BlogData Engineering

What Is a Data Quality Test? Validating Your Data Pipeline with dbt

James Okafor
James Okafor
Senior Data Engineer
·August 7, 202810 min read

Data quality tests are automated checks that run in the data pipeline to validate that data meets defined expectations — uniqueness, referential integrity, non-nullness, and business-rule compliance. This guide explains the types of data quality tests, how dbt implements them, and how to build a testing strategy.

A data quality test is an automated check that runs during or after a data pipeline to validate that data meets defined expectations. Tests catch problems introduced in ingestion, transformation, or source systems before they propagate to dashboards and analytics that stakeholders depend on. Without tests, data quality failures are discovered by end users — the wrong number in a board-level report, a spike that turns out to be a pipeline bug rather than a business event.

Tests shift data quality failure discovery from downstream to upstream — from the stakeholder reading the dashboard to the pipeline engineer who can fix it before anyone else notices.

The Four Generic dbt Test Types

dbt provides four built-in generic tests that can be applied to any model column with a single line of configuration:

**unique:** Asserts that every value in the column is distinct. Appropriate for columns that should be unique — primary keys (customer_key, order_id), natural business keys, and any column where duplicate values indicate a data quality problem (duplicate rows from a broken deduplication step).
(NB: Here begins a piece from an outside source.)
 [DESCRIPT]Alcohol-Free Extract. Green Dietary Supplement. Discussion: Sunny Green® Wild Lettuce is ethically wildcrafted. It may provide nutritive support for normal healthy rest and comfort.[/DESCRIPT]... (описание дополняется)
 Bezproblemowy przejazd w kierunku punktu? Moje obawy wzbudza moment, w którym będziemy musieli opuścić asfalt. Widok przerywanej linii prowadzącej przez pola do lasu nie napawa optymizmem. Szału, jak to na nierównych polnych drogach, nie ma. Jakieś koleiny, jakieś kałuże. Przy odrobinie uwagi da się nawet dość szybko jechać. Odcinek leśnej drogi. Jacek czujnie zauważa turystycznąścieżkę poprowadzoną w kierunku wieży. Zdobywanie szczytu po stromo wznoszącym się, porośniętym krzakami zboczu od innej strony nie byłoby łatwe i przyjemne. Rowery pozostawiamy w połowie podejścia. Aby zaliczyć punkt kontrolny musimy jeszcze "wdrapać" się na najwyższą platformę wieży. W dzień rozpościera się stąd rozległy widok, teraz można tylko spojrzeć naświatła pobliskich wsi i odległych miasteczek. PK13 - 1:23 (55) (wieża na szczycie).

**not_null:** Asserts that no values in the column are NULL. Required fields that should never be empty — order date on an orders table, customer_id on a customer dimension. A not_null test failure on a non-nullable column indicates a broken ingestion step or source system bug.
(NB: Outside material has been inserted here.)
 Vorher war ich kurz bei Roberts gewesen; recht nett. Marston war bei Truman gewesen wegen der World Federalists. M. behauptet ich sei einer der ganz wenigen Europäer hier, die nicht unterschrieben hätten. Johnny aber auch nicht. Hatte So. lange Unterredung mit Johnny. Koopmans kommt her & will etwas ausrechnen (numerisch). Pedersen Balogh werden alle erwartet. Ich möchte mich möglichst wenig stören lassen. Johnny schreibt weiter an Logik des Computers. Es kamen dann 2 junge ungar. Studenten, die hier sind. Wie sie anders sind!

**accepted_values:** Asserts that all values in the column belong to a defined list. For status columns (order_status should only ever be 'pending', 'processing', 'shipped', 'delivered', 'cancelled'), payment type columns, or any categorical field with a bounded valid set. Failures indicate new categories appearing in source data without being handled in transformation logic.

**relationships:** Asserts referential integrity — every value in the tested column has a matching row in a specified reference column of another model. Tests that every customer_key in the orders fact table exists in the customer dimension. Referential integrity failures indicate broken joins or incomplete dimension population.

Schema Tests vs Data Tests

**Schema tests** (the four generic tests above) validate structural properties of the data — uniqueness, nullability, referential integrity. They are fast to run and validate fundamental assumptions about the model.

**Data tests** (custom singular tests in dbt) validate business rules that require SQL logic beyond structural checks. Examples:

- Revenue should never be negative

- Order ship date should never be before order date

- Total payments applied to an invoice should not exceed invoice amount

- Every order should have at least one order line item

These tests are implemented as SQL SELECT queries that return failing rows. dbt treats any rows returned as test failures. This model is powerful: any business rule expressible as SQL can be a test.

Testing Strategy

Not every column needs every test. A practical testing strategy applies tests proportional to the importance of the model and the risk of the column:

**Tier 1 — Production models consumed by executives:** Full test coverage. Unique and not_null on all primary keys. Referential integrity on all dimension foreign keys. Custom tests on all critical business rules (non-negative revenue, ship-before-order-date validation).

**Tier 2 — Operational models used by data team:** Key structural tests. Primary keys unique and not_null. Referential integrity on join columns. Critical accepted_values tests.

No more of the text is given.